Well, I think I've always been really influenced not only by Dr. Baldwin's work, but also Dr. Parness's work early on in software development. His paper is on the criteria to be used in decomposing systems or classics in software engineering research literature, and they really speak to the fact that those decisions that you make about what a module is really encode what you're able to change in isolation and where you are going to have to have those communication factors. Despite that, we continue even to this day to really struggle with modularity in software. We know what we want it to be, and we can do a really good job breaking apart a system that we want to build into pieces. Then we find out those pieces really do have to communicate, or we find out there's a non-functional requirement, like logging, that has to exist within every component of our system, and we suddenly get that orthogonal interactions between components and modules that we actually have to deal with and to work with.
Dr. Gail Murphy (00:23:39):
So for me, architecture is really about thinking about the constraints that the system has to work within, the functionality it has to produce, and how it has to produce those with certain nonfunctional requirements and to start breaking things down in a way that allows teams to go off and work as independently as possible, but where they also know when they have to communicate and who they need to communicate with. If we have a vision and are able to record, think about those decisions we need to make, we can start to make those trade-offs of where do we need to create more modularity, because we know we need different kinds of changes in the future where we want to interchange different kinds of modules, and where might we be willing to live for a while, at least, with something that's a bit more messy and not quite as modularized, because we're working under time constraints and we have to get the system out?

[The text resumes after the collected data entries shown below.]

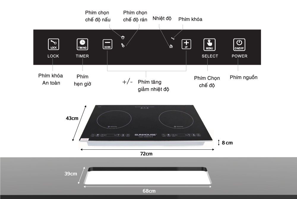 Với những tính năng tiện lợi như trên,chiếc Bếp từ đôi Sunhouse SHB9108-S thật sự là một sự lựa chọn tốt,thiết kế hiện đại,an toàn,đa chức năng nấu nướng.
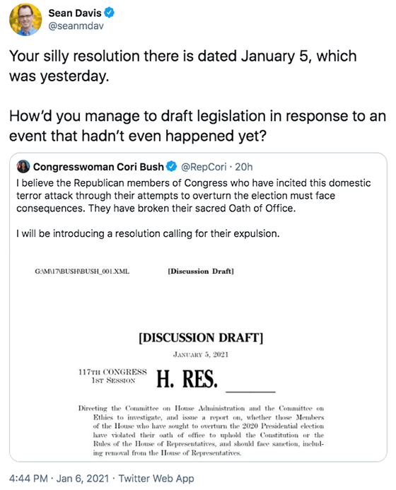 - Cori Bush (D-Mo) submitted resolution calling for expulsion of Republican members of Congress. Her resolution is dated Jan 5th, not the 6th
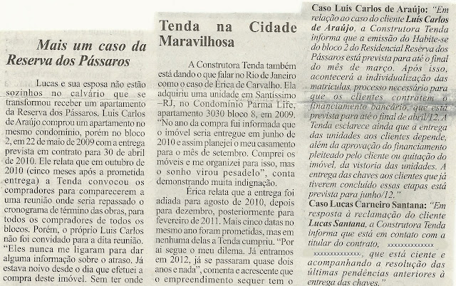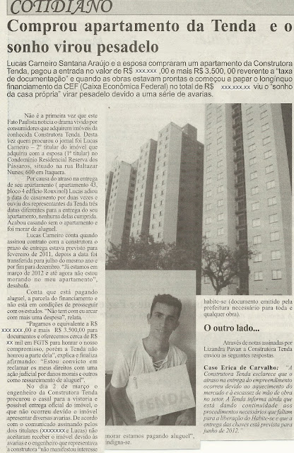 CAROS AMIGOS, ESTAMOS JUNTOS NA LUTA PELA ENTREGA DO NOSSO IMÓVEL, QUERO MOSTRAR A VOCÊS MINHA RECLAMAÇAO E A DO LUCKAS (RESIDENCIAL RESERVA DOS PÁSSAROS - SP), QUE SAIU NO JORNAL O FATO PAULISTA:
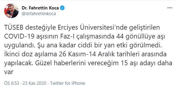 ''TÜSEB desteğiyle Erciyes Üniversitesi’nde geliştirilen Covid-19 aşısının Faz-1 çalışmasında 44 gönüllüye aşı uygulandı. Şu ana kadar ciddi bir yan etki görülmedi. İkinci doz aşılama 26 Kasım-14 Aralık tarihleri arasında yapılacak. Güzel haberlerini vereceğim 15 aşı adayı daha var.''
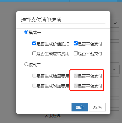 机构管理中支付清单选项,没有选择模式二但勾选了模式二的是否平台支付,需修改
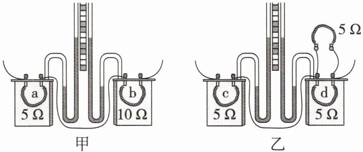 13.(2025 昭通期末)如图所示是“探究电流通过导体产生的热量跟哪些因素有关”的实验装置图。将四段电阻丝 $ a $、$ b $、$ c $、$ d $ 分别密封在完全相同的盒子内,盒内封闭一定量的空气,图乙中另取电阻为 $ 5 \Omega $ 的电阻丝在盒外与盒内电阻并联。
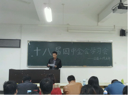 为了深入学习党的十八届四中全会精神,1117日晚,法硕1303班党支部在文添107教室举行了十八届四中全会专题学习活动,支部全体党员和入党积极分子参加了此次活动。
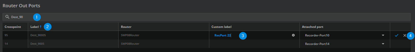 Example Table with (1) Searching and Filtering, (2) Sorting, (3 & 4) In-Line Editing, (4) Action column

Dr. Gail Murphy (00:24:36):
So it's about being able to retrospect on that in a way, introspect on it and be able to think about the modules and how they're coming together in a way that would allow you to make decisions such as trade-offs of where you want to be able to do great changes in the system and where you don't in a way that's actually thoughtful and not one in which we often just fall into, because we didn't realize that we wanted to change the system in certain ways or didn't realize that we had to meet certain nonfunctional requirements.
Gene Kim (00:25:07):
So where does good architecture come from? So when you talk about these virtues that we want, and certainly I think we can all think of exemplars that we've experienced or studied where people were able to get these incredible capabilities to work independently with isolation, is there an easy answer or some common factors that lead to good architectures, and where do they come from?
Dr. Gail Murphy (00:25:29):
I think if you could answer where good architectures come from, you could solve a lot of the world's software development woes. I think there's certainly architectural styles and architectural patterns that have been developed. So if you're able to match your problem to those styles or patterns, you can start to get some advantage of the work that people have done before. I think the challenge is that often the architecture we think that we're building isn't what we're actually building, because it's usually not a sole endeavor. You might have a few people, a small team kind of designing what the architecture should be for the system. That doesn't mean that all the people that are helping you to build that are actually recognizing what the architecture should be or communicating when the architecture isn't going to work out in practice.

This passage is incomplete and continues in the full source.